Traditional Origami Paper Folding in Korea

Paper folding and paper crafting remain an important part of Korean culture.

Ddakji
Ddakji is a traditional Korean game that involves paper folding. © Dana Hinders

Jong-i jeobgi is the Korean word for origami. Jong-i jeobgi is commonly taught to schoolchildren as part of lessons on art, science, math, and history. Paper folding and paper crafting remain an important part of Korean culture.

Hanji

Hanji is a special type of paper that is essential to many types of traditional Korean paper crafts. In fact, the word literally means "the paper of Korea." Hanji is made from the inner bark of the paper mulberry tree, which is native to Korea and can often be found growing on rocky mountainsides.

The process used to make hanji is similar to the technique used to make Japanese washi paper, but the sheet formation process is slightly different. Traditional hanji paper is made using the we bal method to allow for multi-directional grain and finished sheets are pounded to compact the fibers and lessen ink bleed.

You can buy hanji paper in many different types of colors and patterns. Some papers even have dried leaves or flowers mixed into the pulp to add texture. Hanji paper is extremely durable and considered to be of very high quality.

There is an old Korean saying that hanji paper will outlast silk by 500 years, creating works of art that can be displayed for 1,000 years or more.

Noted origami artist Robert J. Lang reports that he uses a great deal of hanji paper when making models using the wet folding techniques popularized by Akira Yoshizawa. Wet folding involves using water to dampen the paper so you can create softer curves and more realistic looking models.

High quality paper is a necessity in wet folding because the water makes many poor quality papers tear when they are folded.  

Aside from its use in origami, hanji paper can also be used in calligraphy or as a covering for the doors and windows of your home.
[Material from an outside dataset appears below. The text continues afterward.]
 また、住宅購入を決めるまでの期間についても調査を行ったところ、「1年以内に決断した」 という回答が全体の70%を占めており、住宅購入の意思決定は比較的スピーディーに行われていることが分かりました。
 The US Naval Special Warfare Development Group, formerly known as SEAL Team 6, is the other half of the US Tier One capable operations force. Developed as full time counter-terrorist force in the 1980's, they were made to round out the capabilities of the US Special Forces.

Traditional types of hanji crafts include jido, jiho, and jiseung.

Jido involves using pasted layers of hanji on a frame to make sewing baskets or trunks, jiho involves turning the paper into a clay like substance that is molded into lidded bowls, and jiseung uses woven strips of hanji paper to make trays, mats, baskets, and other household goods.

Ddakji

Ddakji is a traditional Korean game that is played using folded paper disks. It's normally considered a children's game, but growing numbers of adults have found that it's fun to play as well. Ddakji is featured on the popular South Korean variety show Running Man.

Review the instructions in our How to Play the Korean Ddakji Game to learn how to fold your own ddakji disks. Each disk requires two sheets of square paper and you'll need at least two disks to play a round of ddakji. 
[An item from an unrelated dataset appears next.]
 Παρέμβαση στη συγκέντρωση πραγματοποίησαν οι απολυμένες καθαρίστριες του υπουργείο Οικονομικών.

Korea Jongie Jupgi Association

The Korea Jongie Jupgi Association is Korea's leading origami organization. They host workshops and events throughout the year for people interested in learning more about the art of paper folding.

Jong Ie Nara Paper Art Museum

The Jong Ie Nara Paper Art Museum in Seoul is home to over 5,000 works of art showcasing the diversity of paper folding and paper crafting in Korea. Admission is free, although there may be a small fee charged for select special exhibitions.

The museum's first exhibit hall contains items relating to the development of paper, paper making, and paper crafting throughout Korean history.

The second exhibit hall is designed to teach children and teens about paper art in a fun and age appropriate way. This portion of the museum includes an area where young visitors can create their own works of paper art.

The Jong Ie Nara Paper Art Museum holds an annual paper art contest where artists from all over the country showcase their creations.